RECORDED INFORMATION START
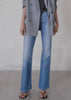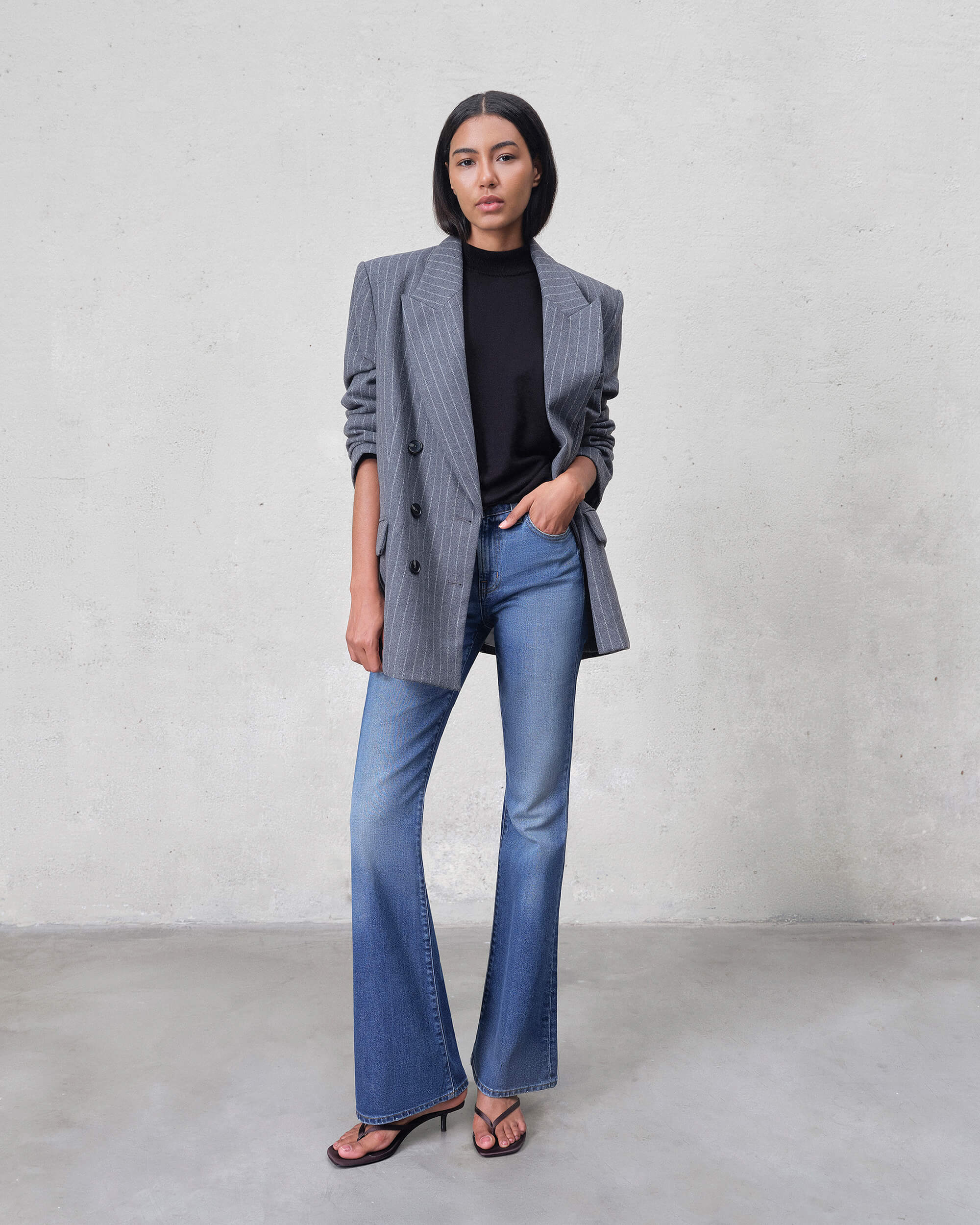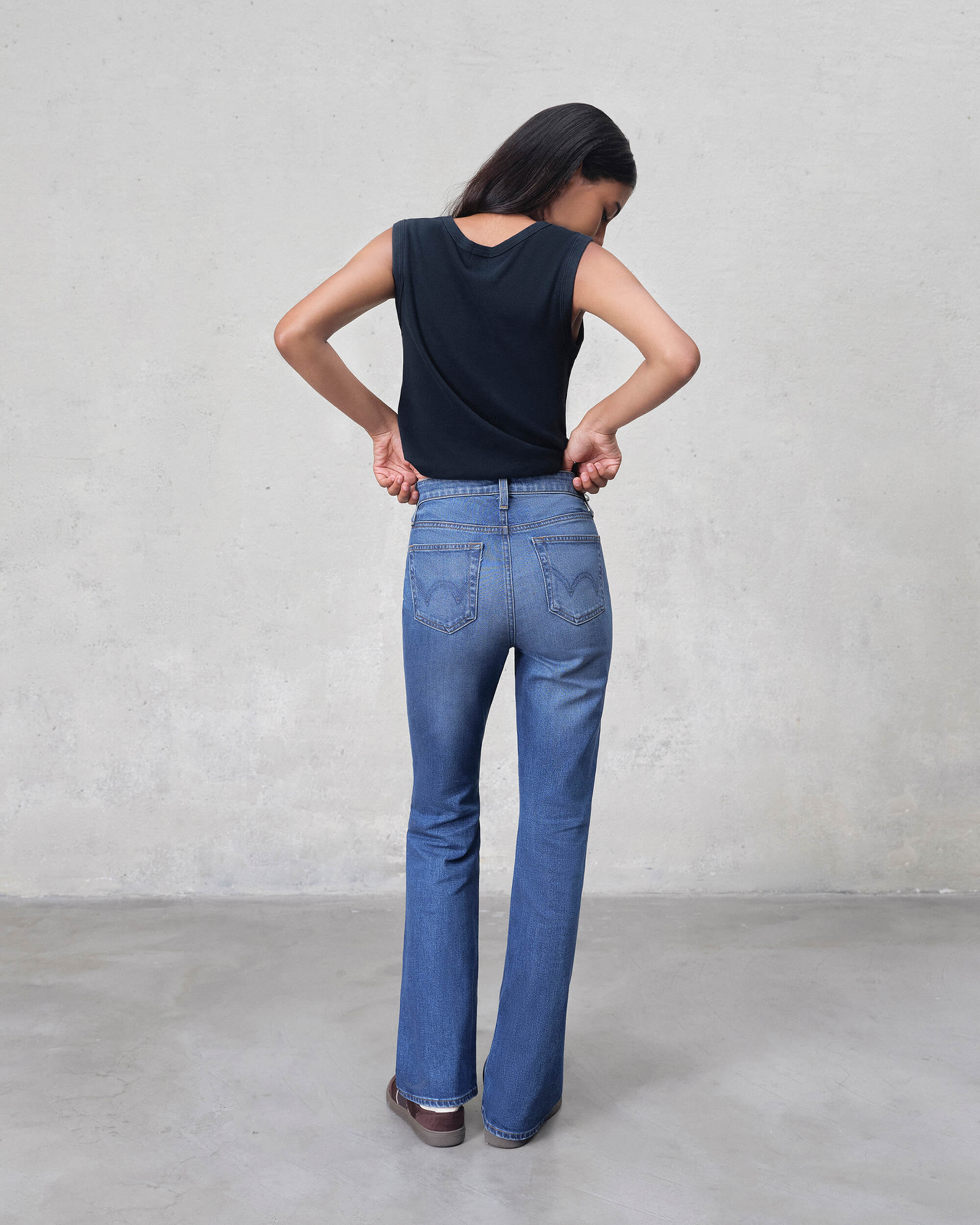 Soft yet structured, it holds close through the hips before easing into a quiet flare. Light fading adds dimension to the classic coated wash. Mid-high rise, easy stretch—comfortable all day.
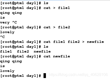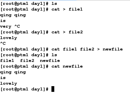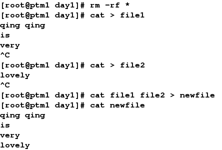 | cat file1 file2 > newfile | 将file2的内容追加到file1,生成新文件newfile |
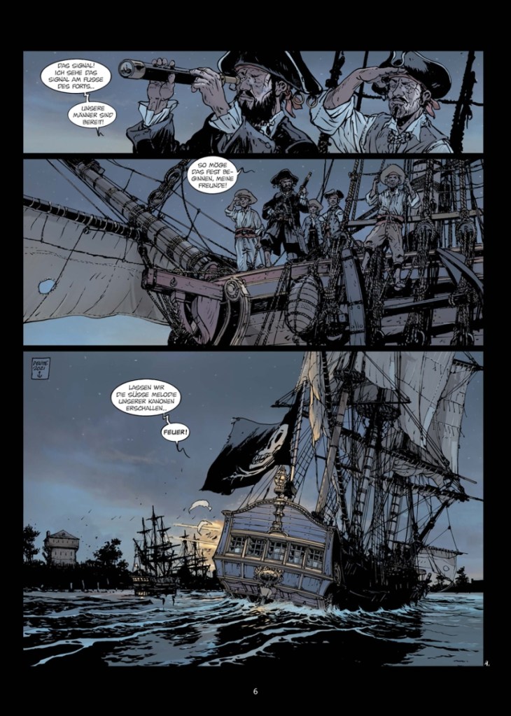Insgesamt war mir der zweite Teil ein wenig zu geradlinig, nachdem sich die Handlung in Band 1 auf zwei Seiten aufgebaut hatte. Aber Jean-Yves Delitte versteht es auf jeden Fall die knappe Seitenanzahl mit Spannung zu füllen und dank seiner großartigen Schiffszeichnungen ein wahres Freibeutergefühl aufkommen zu lassen.
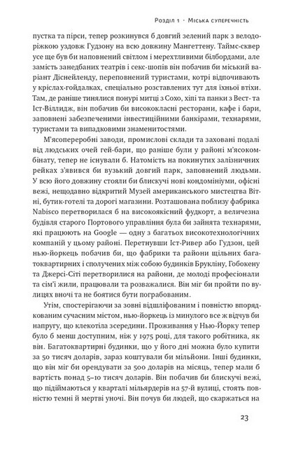 Сучасні міста колонізували заможні й успішні люди, залишивши далеко позаду жителів сіл і містечок. Хаби, коворкінги і хайтек-інновації поглинули парки, магазини та кав’ярні. Розбудова міст і міських районів призвела до нестримного збільшення орендних плат і концентрації багатства. У цій книжці економіст і соціолог Річард Флорида розглядає кризу, що спричинила нинішній тип урбанізації.
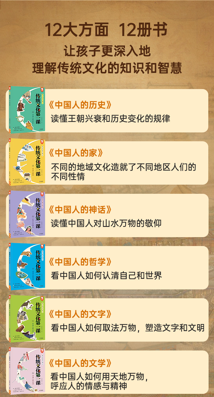 《传统文化第一课》典藏礼盒装 全12册 7-15岁 360+主题故事 5000+知识点 12大方面让孩子更深入地理解传统文化的知识和智慧 赠:传统文化桌游
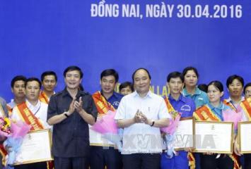 優れた労働者に表彰状を引き渡すフック首相(正面右)=Thống Nhất-TTXVN
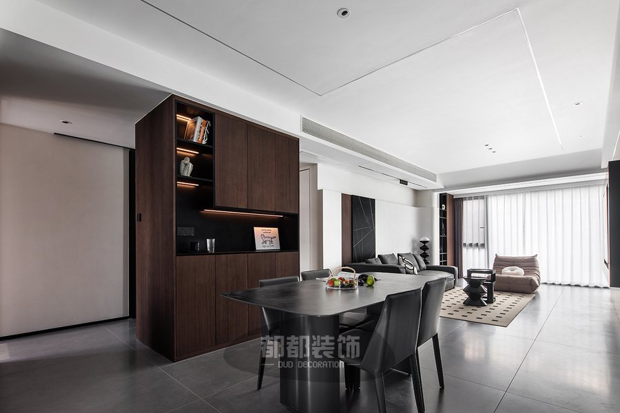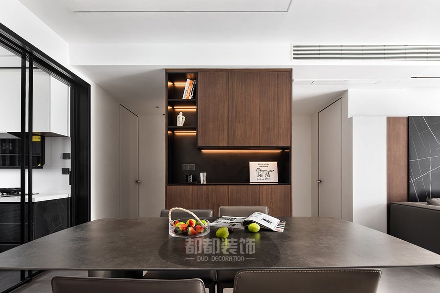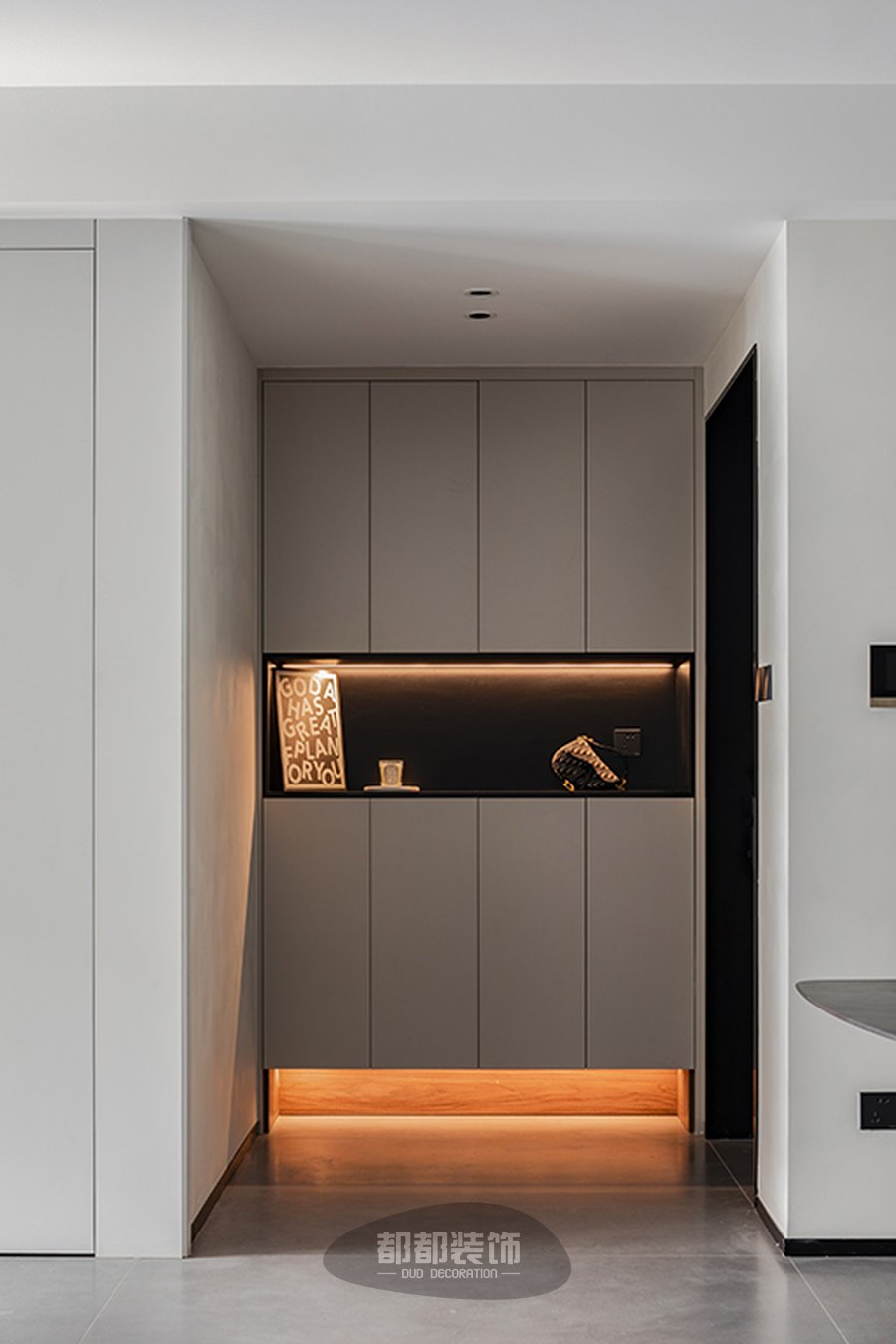 一进门便能被这暖红的深邃空间所吸引,无把手的光滑柜面减轻入户后的视觉压力,玄关设计隐藏灯带做照明装置,中空橡木黑与精心选择的暖色灯相互映衬,光影之下,港式风情呼之欲出。
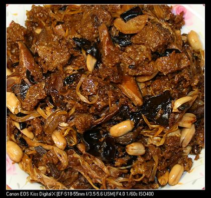 年初一的中饭:蚝油牛肉丝,清炒豌豆芽,芥兰炒培根,酸辣蕨根粉,干切牛肉,无敌鸳鸯腿(一只鸡腿一只鸭腿),点心两道:糯米圆子及八宝饭。
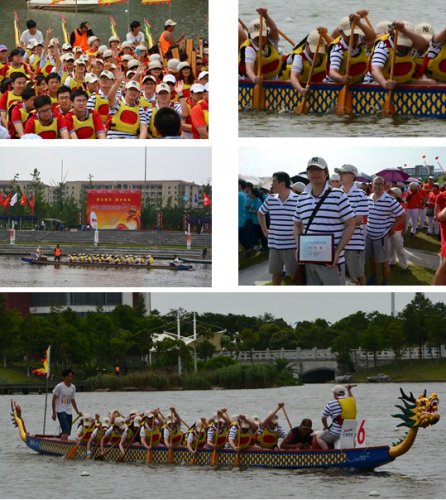 下午在通海湖上,35所高校财务系统组成27支代表队参与了龙舟赛的角逐,桨手们随着激昂有力的鼓点声船桨翻飞,刹那水面众舸争流,两岸助威呐喊声此起彼伏。在我处全体老师的共同努力下,我们不畏强手,表现出了强有力的凝聚力,最终在龙舟大赛获得了优胜奖。
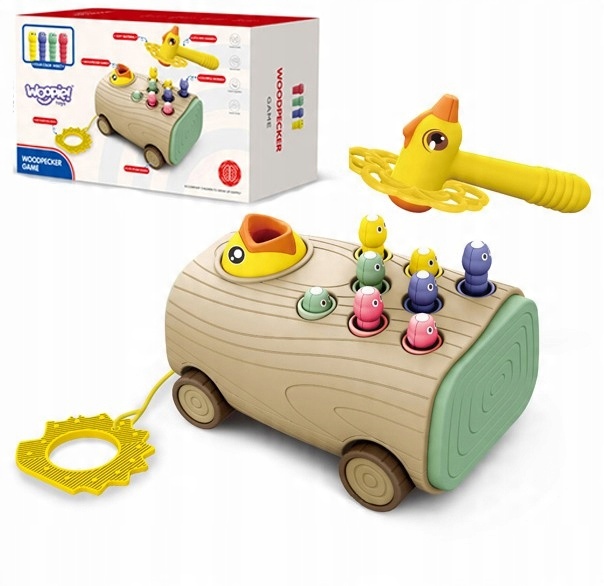Игрушка 3в1 от бренда WOOPIE — идеальный способ развития ребенка играть. Игрушка может сопровождать ребенка на первых этапах жизни. Для самого младшего ребенка идеальной функцией будет съемник. Ребенку не составит труда тянуть коляску благодаря бесшумным и не заедающим колесам. Маленьким детям также понравится функция гвоздь. В комплект входит безопасный детский молоток для забивания червей с дополнительным чехлом. Для детей постарше идеальной игрушкой станет аркада. В игре нужно ловить дятлом с магнитом червячков, спрятанных в дуплах дерева, а затем помещать их обратно в клюв птицы. Простые правила и интуитивно понятное управление облегчают игру, возможно, практически каждому. Игра обучает весело — она поможет развивать, среди прочего: баланс, моторные навыки и визуальные навыки. Игрушка представляет собой сложную задачу для малыша, требует концентрации внимания и ловкости рук, но это делает ее чрезвычайно интересной для ребенка.
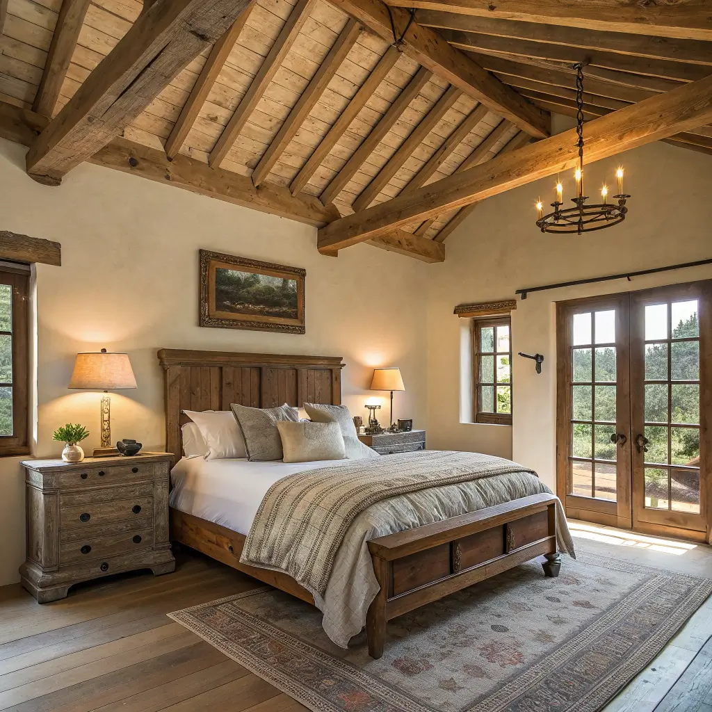 Farmhouse Bedroom with Exposed Beams
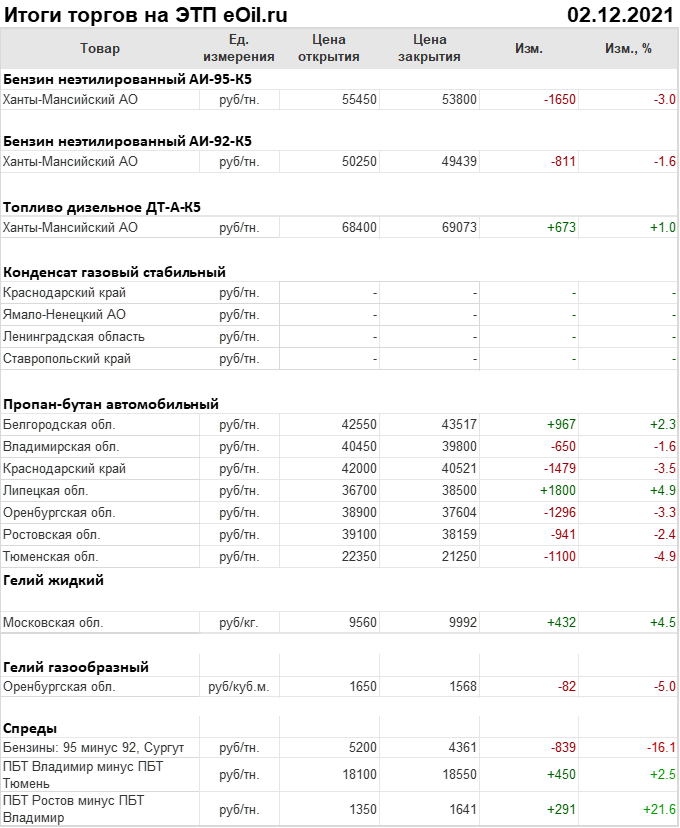Итоги торгов на ЭТП eOil.ru 2 декабря 2021
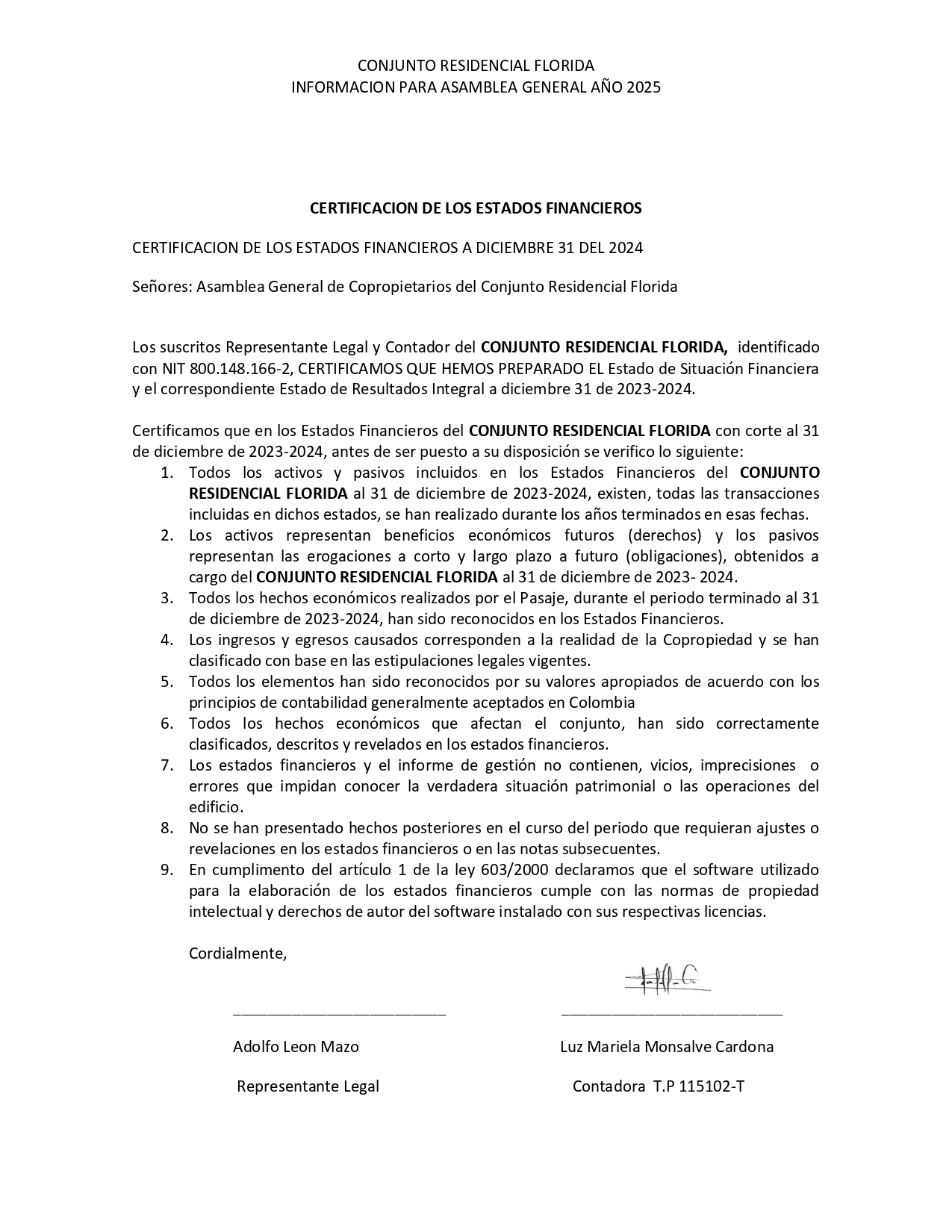 | CONJUNTO RESIDENCIAL FLORIDA | ||||||||||
RECORDED INFORMATION END
## WORK TO COMPLETE
The response is to contain exactly the lines from the beginning of the data through the line containing "newfile | 将file2的内容追加到file1,生成新文件newfile |", both ends included, and nothing else; omit the pictures.

## RESPONSE AREA
 Soft yet structured, it holds close through the hips before easing into a quiet flare. Light fading adds dimension to the classic coated wash. Mid-high rise, easy stretch—comfortable all day.
 | cat file1 file2 > newfile | 将file2的内容追加到file1,生成新文件newfile |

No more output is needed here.